As shown in FIG.7, initially, the gateway device 140 and the server 160 perform key exchange 710 using the TLS v1.3 protocol. Then the gateway device 140 generates a master key 720 using a combination of classical and post quantum techniques. The gateway device 140 then computes a pre-master key 722 from the master key. Similarly, the server 160 also generates a master key 730 using a combination of classical and post quantum techniques. The server 160 then computes the pre-master key 732 from the master key. This allows secure data communication 740 between the gateway device 140 and the server 160 using the pre-master key.

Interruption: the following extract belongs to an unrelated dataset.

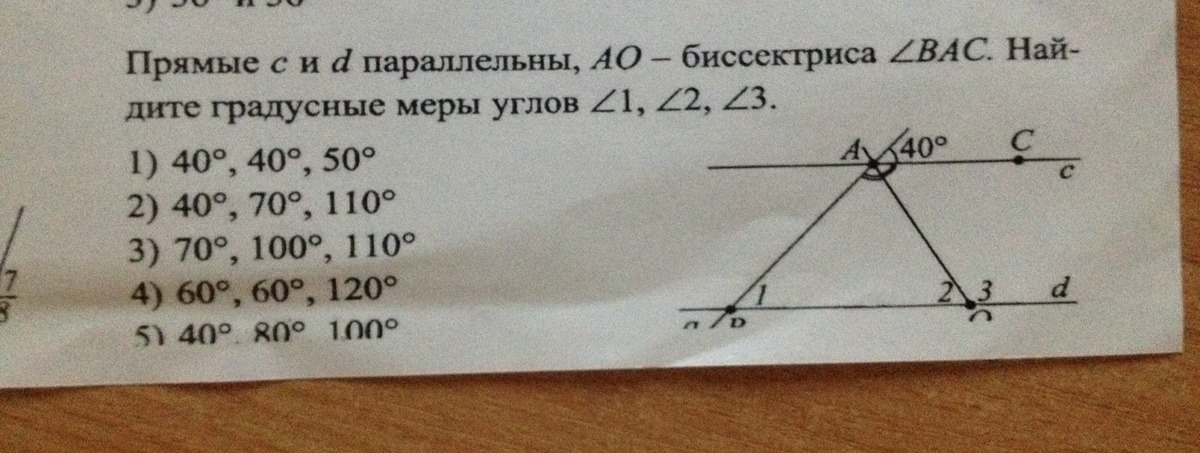 Прямые с и d параллельны, АО - биссектриса угла ВАС. Найдите градусную меру углов 1, 2, 3.

FIG.8 is a message flow diagram showing data exchange between a gateway device according to an embodiment of the present invention and a bridge device according to an embodiment of the present invention.

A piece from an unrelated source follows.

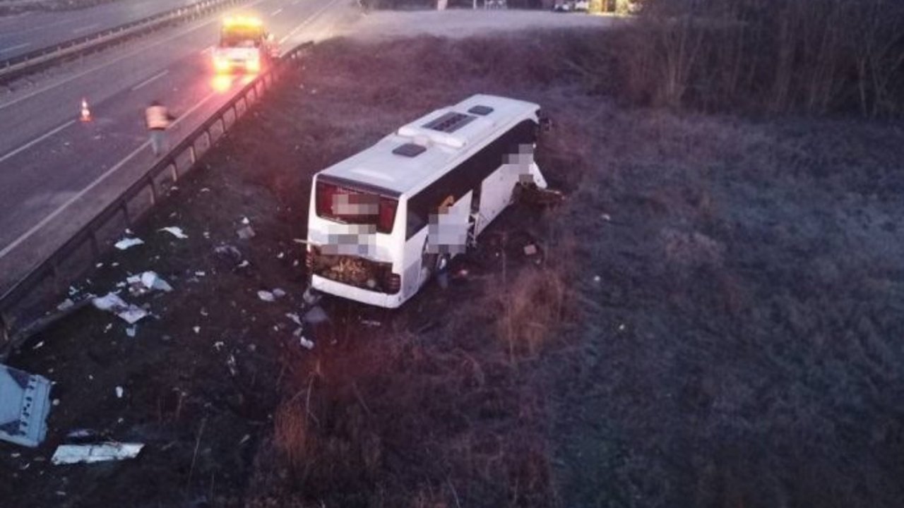Yol kenarındaki çelik bariyerleri yırtarak 50 metre sürüklenen otobüs, yol kenarındaki yamaçtan tarlaya uçtu. Şans eseri devrilmeyen otobüste 33 yolcudan 12'si yaralandı.

As shown in FIG.8, the sensors 111 are connected using a serial interface 802 with the bridge device 120 to establish a secure channel with the gateway device 140. Similarly, the actuators 112 are connected using a serial interface 804 with the bridge device 120 to establish a secure channel with the gateway device 140. This ensures secure communication between sensors and the gateway device 140, and between the gateway device 140 and the actuators 112. FIG.8 shows a brief overview of the packet exchanges between the different entities. To transmit or receive any data securely, the bridge device 120 performs a key establishment 810 with the gateway device 140 using a combination of random data and I or its private keys. A key exchange 812 is done using a dedicated communication interface. A specific communication protocol is designed using a hybrid approach as mentioned above. Following the key exchange 812, bridge device 120 generates a master key 814 using a combination of classical and post quantum techniques. The bridge device 120 then computes a pre-master key 816 from the master key. Similarly, the gateway device 140 also generates a master key 818 using a combination of classical and post quantum techniques. The gateway device 140 then computes the pre-master key 820 from the master key. This allows establishment of a secure connection 830 between the gateway device 140 and the bridge device 120. After a key is established, the reading of sensor data 840 or writing of actuator data 860 may be performed securely as required.

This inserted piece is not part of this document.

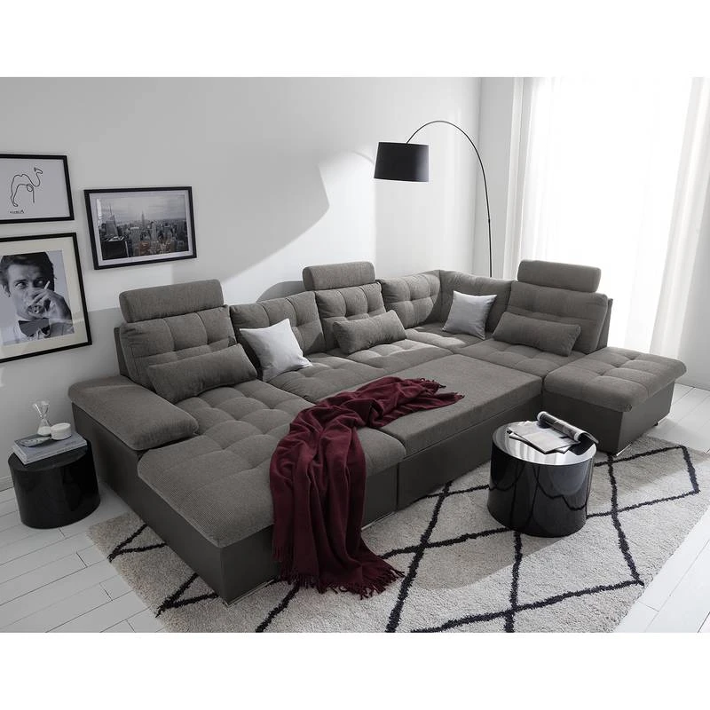 - Canapé panoramique avec 6 coussins de dossier et 3 coussins lombaires, sans accessoires

During the reading of sensor data 840, the gateway device 140 sends a request for sensor data 842 to the bridge device 120. The packet comprising the request for sensor data 842 is encrypted by the gateway device 140 using the pre-master key. The bridge device 120 decrypts 844 the received packet using the pre-master key and then reads 846 the requested value from the sensor 111. The sensor values are encrypted 848 by the bridge device 120 using the pre-master key. Then the encrypted sensor data is sent 850 to the gateway device 140. The gateway device 140 then decrypts 852 the received packet using the pre-master key. Following decrypting the sensor data, the gateway device 140 may encrypt the sensor data and send it to the server. During the writing of actuator data 860, the gateway device 140 encrypts 862 a command signal received from the server. The encrypted command signal is sent 864 to the bridge device 120. The bridge device 120 decrypts 866 the packet comprising the encrypted command signal using the pre-master key. The bridge device 120 then sends the command signal to the actuator 112.

Whilst the foregoing description has described exemplary embodiments, it will be understood by those skilled in the art that many variations of the embodiments can be made within the scope and spirit of the present invention.